そしてオズウェルドはスッと笑みを消すと、真剣な眼差しでエリオットに問いただした。
「最後にひとつ、お前に聞きたかった事がある。エマを陥れたのはお前か?」
その問いに、エリオットは手を叩いて笑いながらこう答えた。
「ああ、エマ・アトラス! あいつも最高に邪魔な存在だった! そう、俺がグランヴィルの家族を操って奴を騙し、あの女を殺させたんだよ」
その言葉を聞いた途端、オズウェルドから身の毛もよだつほどの凄まじい殺気が放たれた。この部屋に入ってきた時の殺気とは、全く比べ物にならない。騎士たちが恐怖でその場から動けなくなり、しばらく息が止まったほどだ。
「……そうか。その答えだけで十分だ」
オズウェルドは静かにそう答えると、スッと殺気を収めた。すると、感情を高ぶらせたオズウェルドをからかうように、エリオットが追い打ちの言葉をかける。

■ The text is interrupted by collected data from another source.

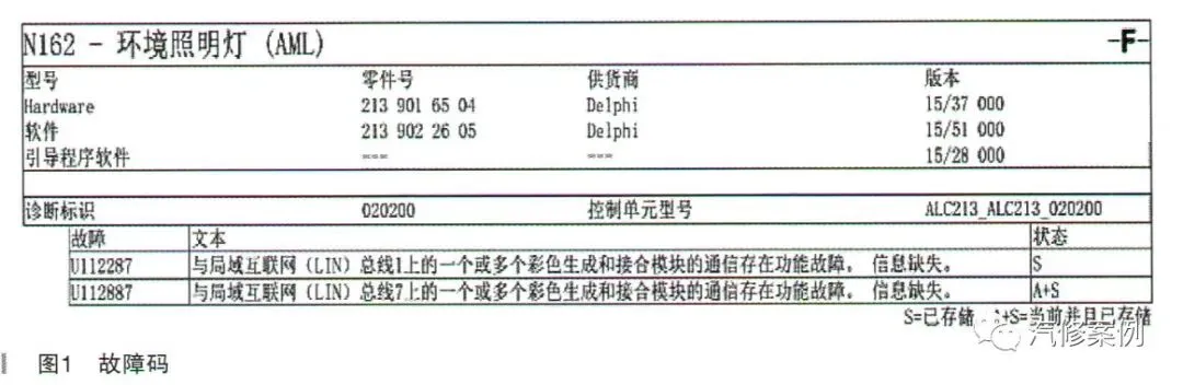 接车后,验证故障现象,果不其然,仪表台左边的氛围灯不亮,仪表台其余的氛围灯正常,变色也正常。连接诊断仪,对电控系统进行快速测试,有相关故障码如图1所示。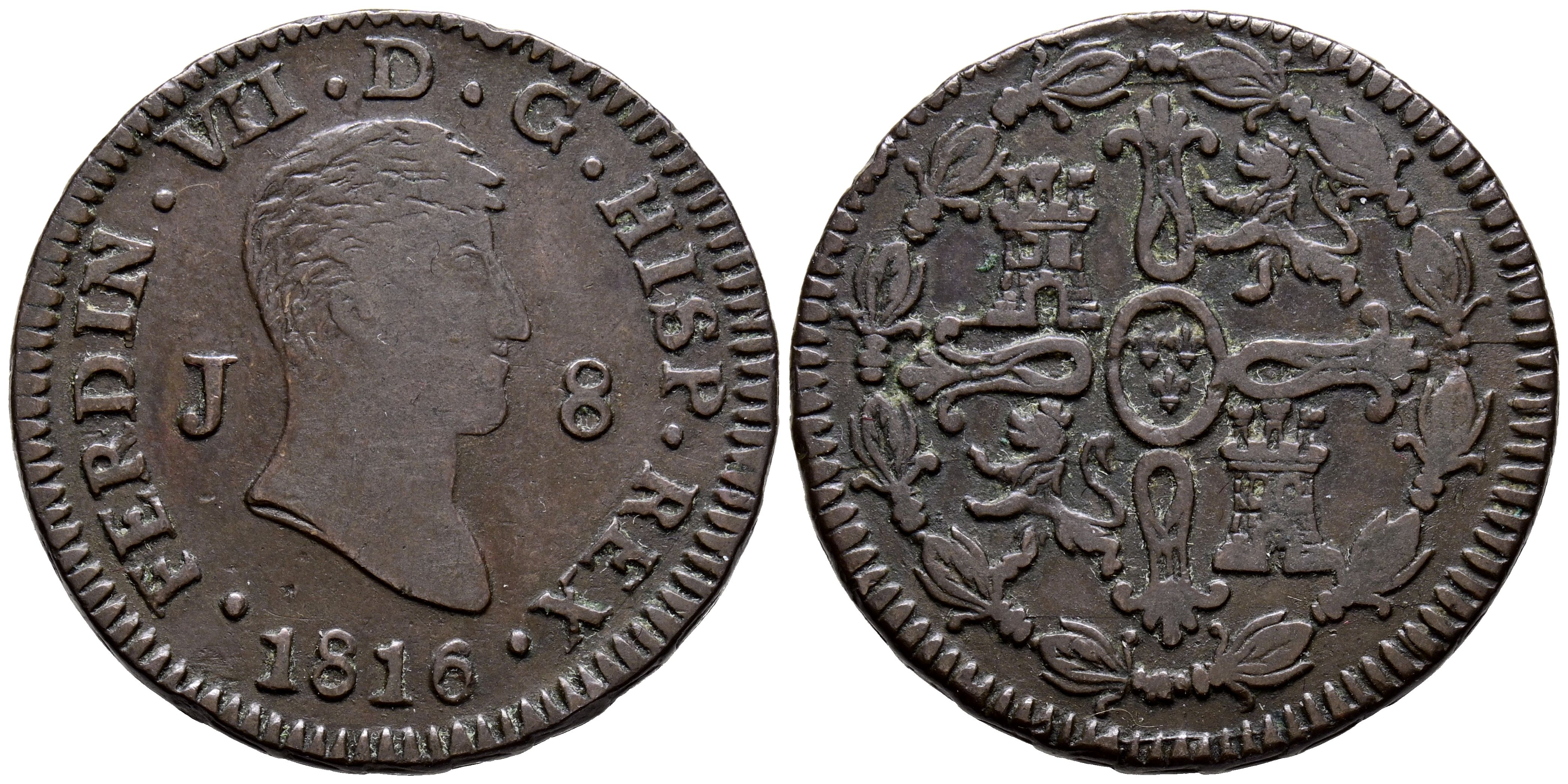 FERDINAND VII (1808-1833). 8 Maravedis. (Ae. 9.22g/30mm). 1816. Jubia. (Cal-2019-195). Naked bust. Very Fine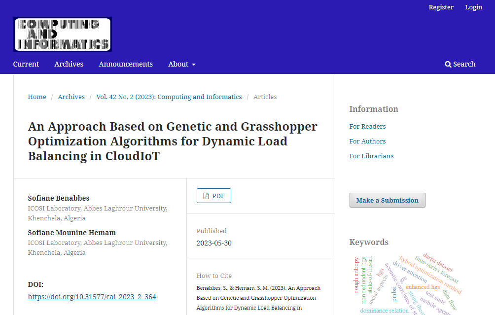 Benabbes, S., & Hemam, S. M. (2023). An Approach Based on Genetic and Grasshopper Optimization Algorithms for Dynamic Load Balancing in CloudIoT. COMPUTING AND INFORMATICS, 42(2), 364–391. https://doi.org/10.31577/cai_2023_2_364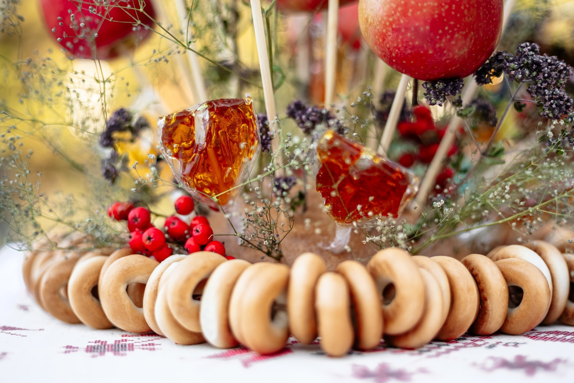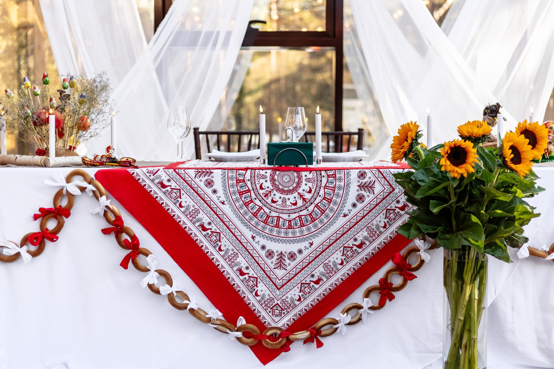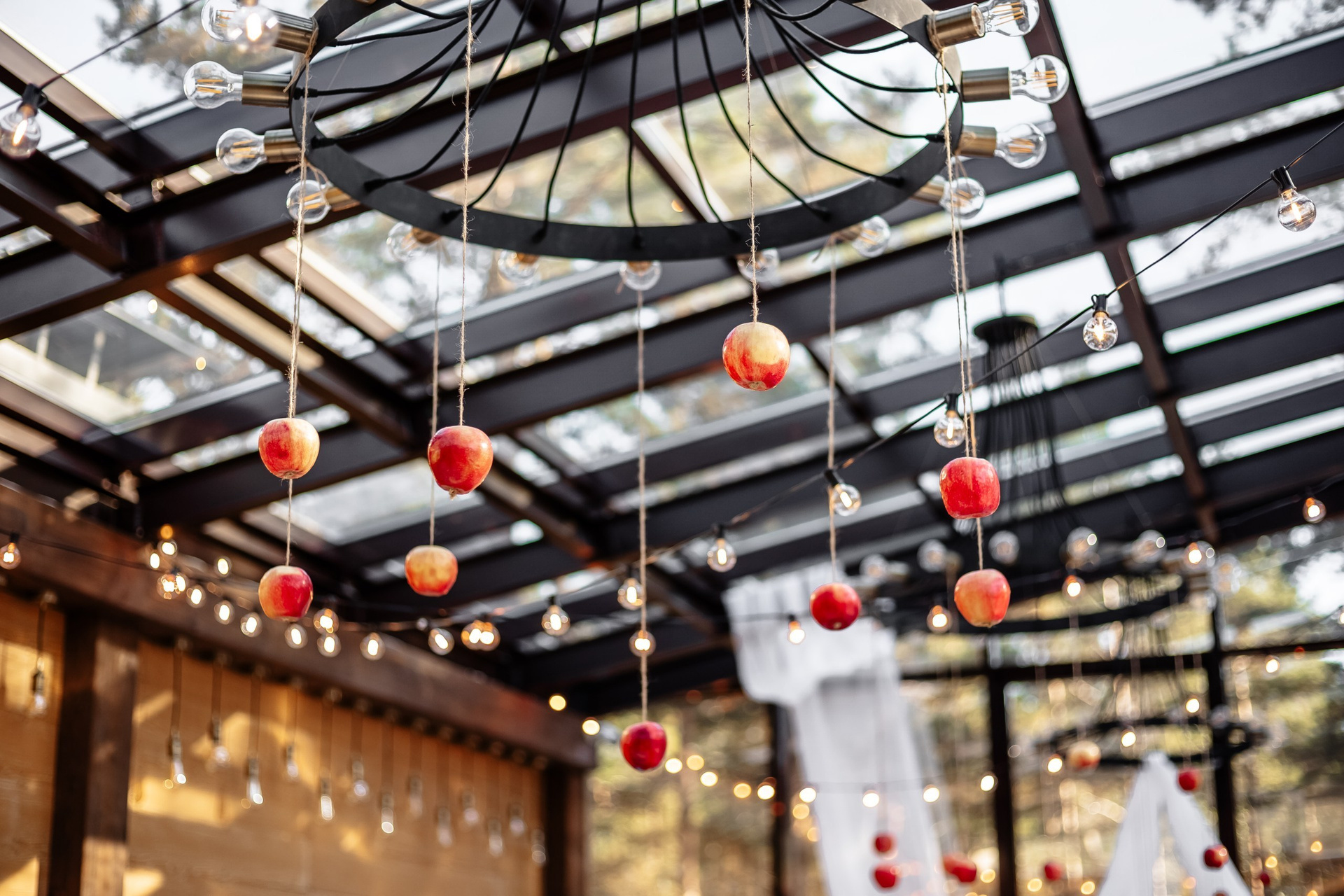 - Сервировка: Натуральные материалы — дерево, керамика, медные или оцинкованные стаканы. Вместо карточек рассадки используйте камушки с именами, листья или маленькие горшочки с суккулентами.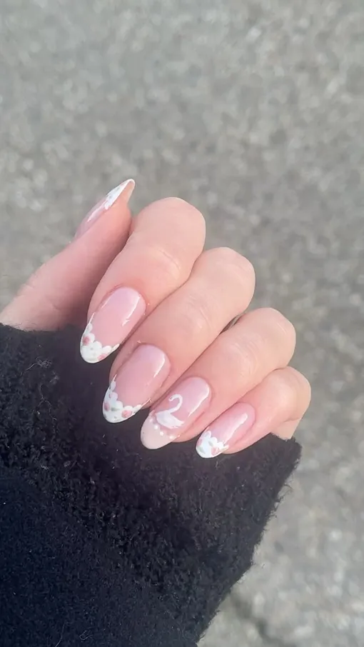Классический французский маникюр здесь дополнили маленькими цветами и аккуратным силуэтом лебедя. Получается нежный, почти весенний дизайн со сказочным настроением.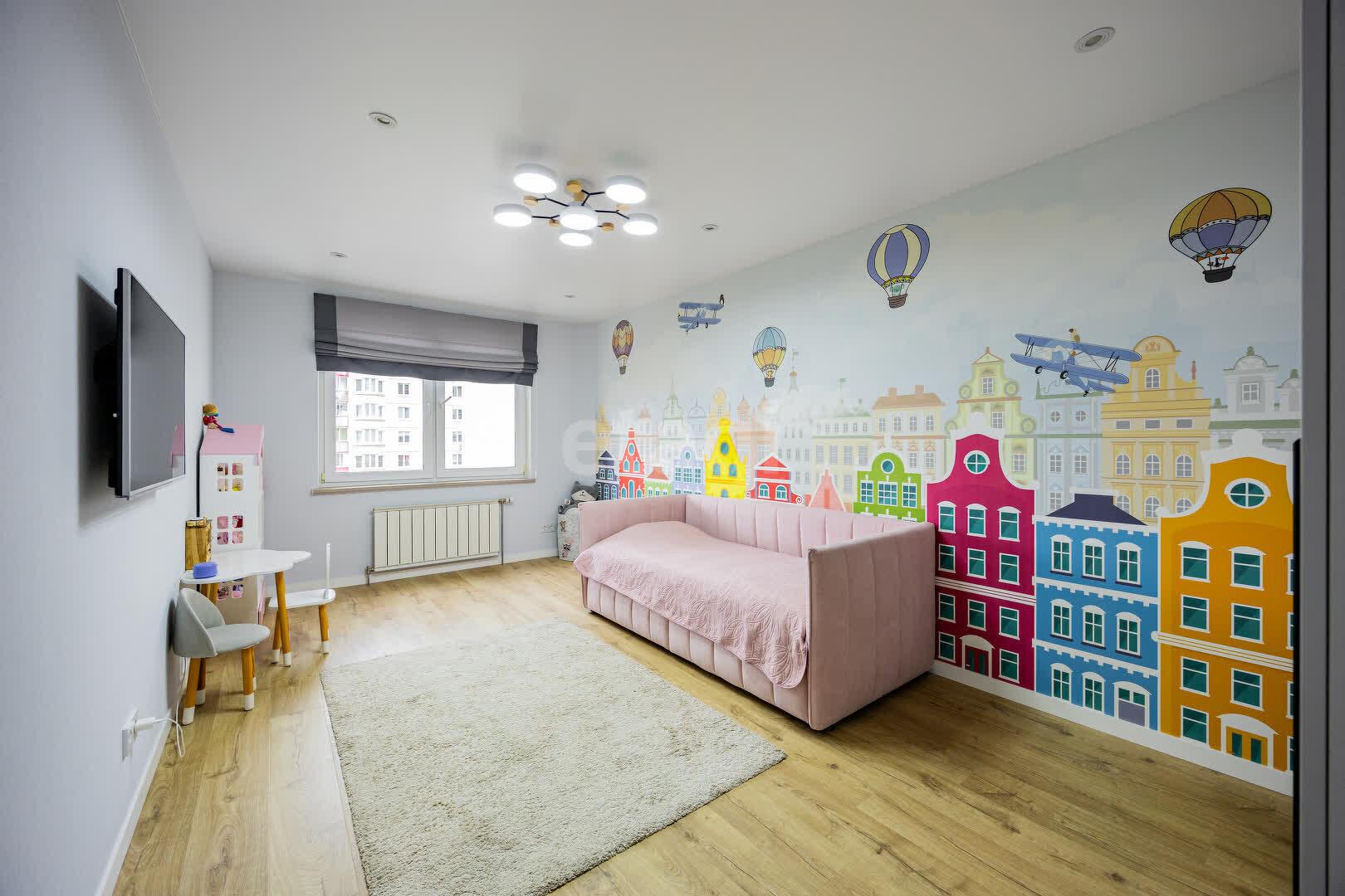 Гостинная 18 м.кв. с эркерным окном, что выгодно преображает её вид изнутри, делая комнату светлее и уютнее, открывая красивый панорамный вид. спальня 12.5 м.кв. с выходом на застеклённую лоджию, детская 17.2 м.кв., кухня 10.2 м.кв.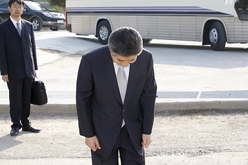 4月30日,韓國(guó)前總統(tǒng)盧武鉉從位于首都首爾東南約450公里的家中離開(kāi),準(zhǔn)備接受檢察機(jī)關(guān)的質(zhì)詢(xún)時(shí)向媒體記者鞠躬。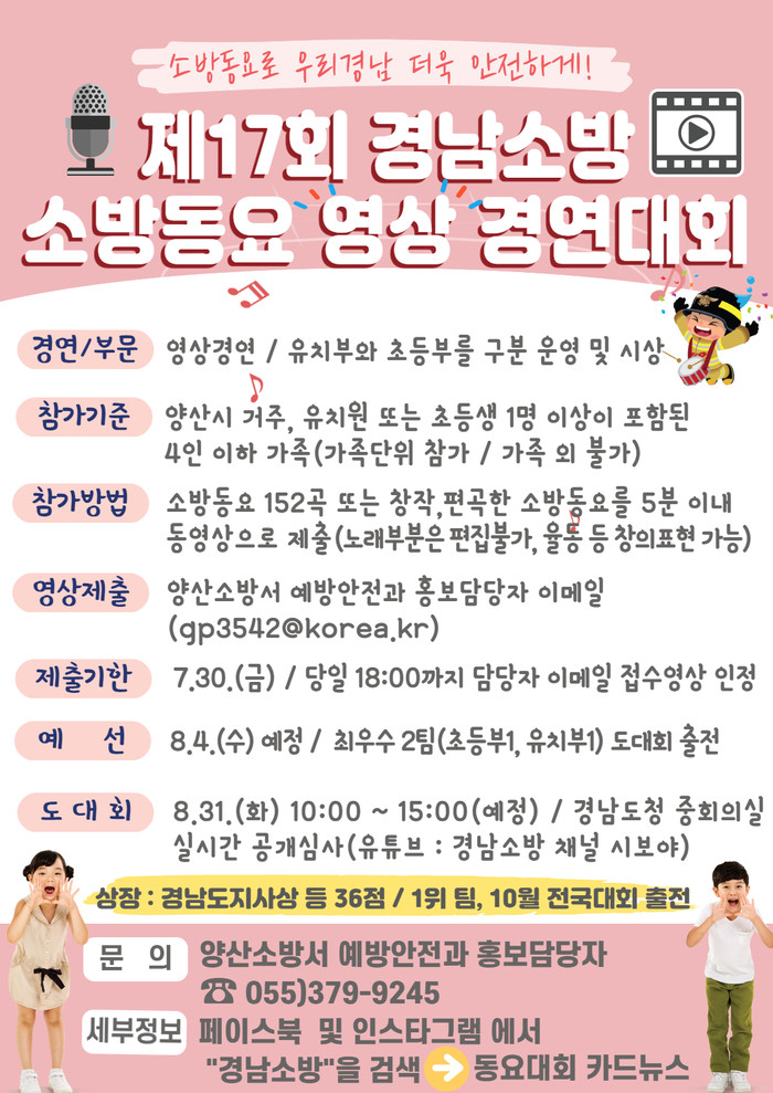 양산소방서(서장 박정미)는 오는 8월 개최될 제17회 경상남도 119소방동요 영상 경연대회 참가자를 모집한다고 밝혔다.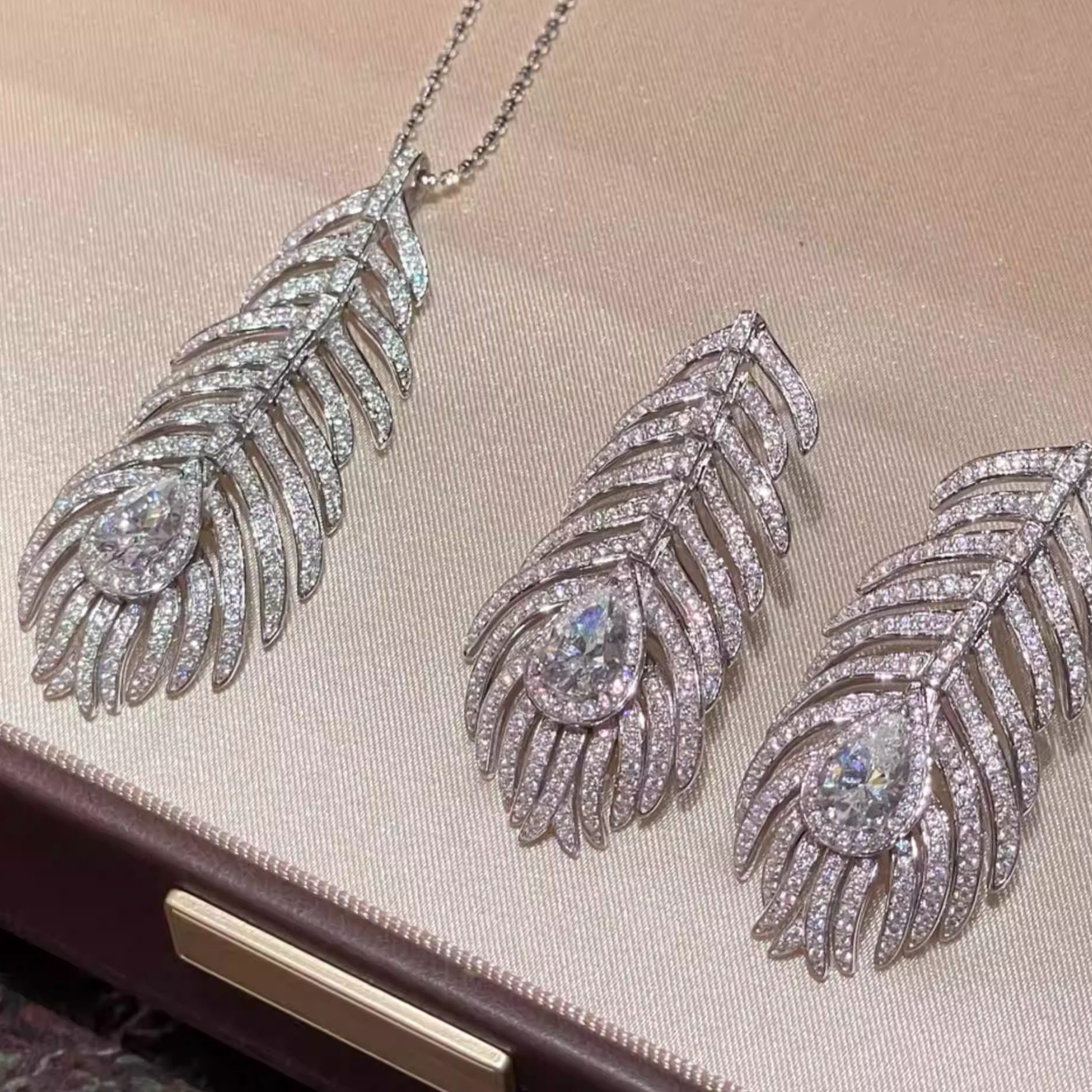 If it is not jewelry|Haute Couture full diamond-encrusted feather tassel necklace earrings set|Silver gilding

「いやあ、俺的にはエマを殺せたのはかなりアツかった! 未来が視えるなんて反則的な能力、そうそう対応出来ねえからな。あいつが死んでなかったら、俺の命も危うかったかもな。残念だったなあ! 大事な師匠が死んじまって!」
しかし、オズウェルドがエリオットの挑発に乗ることはなかった。ただ静かに、低い声で淡々と言い放つ。
「安心しろ。エマの予言が、いずれお前を必ず食い殺す。その日まで、精々震えて眠れ」
「はっ! 死んだ人間に何ができるってんだよ!」
エリオットは馬鹿にしたようにそう言うと、今までで一番癪に障るニタァとした笑みを浮かべた。
「それよりも、自分の心配をしたほうが良いんじゃないか? オズウェルド! 同盟の手駒として利用されてたってあの小娘が知ったら、どう思うだろうなあ!? せいぜい、愛弟子に絶縁される覚悟でもしとくんだな! ギャハハハ!!」
「言いたいことはそれだけか? ならば失せろ……!」
オズウェルドはエリオットを激しく睨みつけると、彼に操られている茶髪の騎士に向かって無効化魔法を放った。エリオットが長々と話している間、オズウェルドは精神操作魔法を解くためにその解析を進めていたのだ。
「お前を殺す次の作戦を考えとくから、首洗って待っとけな!」
エリオットがそう言い残したと同時に、無効化魔法が茶髪の騎士に当たり、その騎士はその場にバタンと倒れた。
ひとまずこの城でなすべきことが完了し、オズウェルドはふぅと疲れたように溜息を吐いたのだった。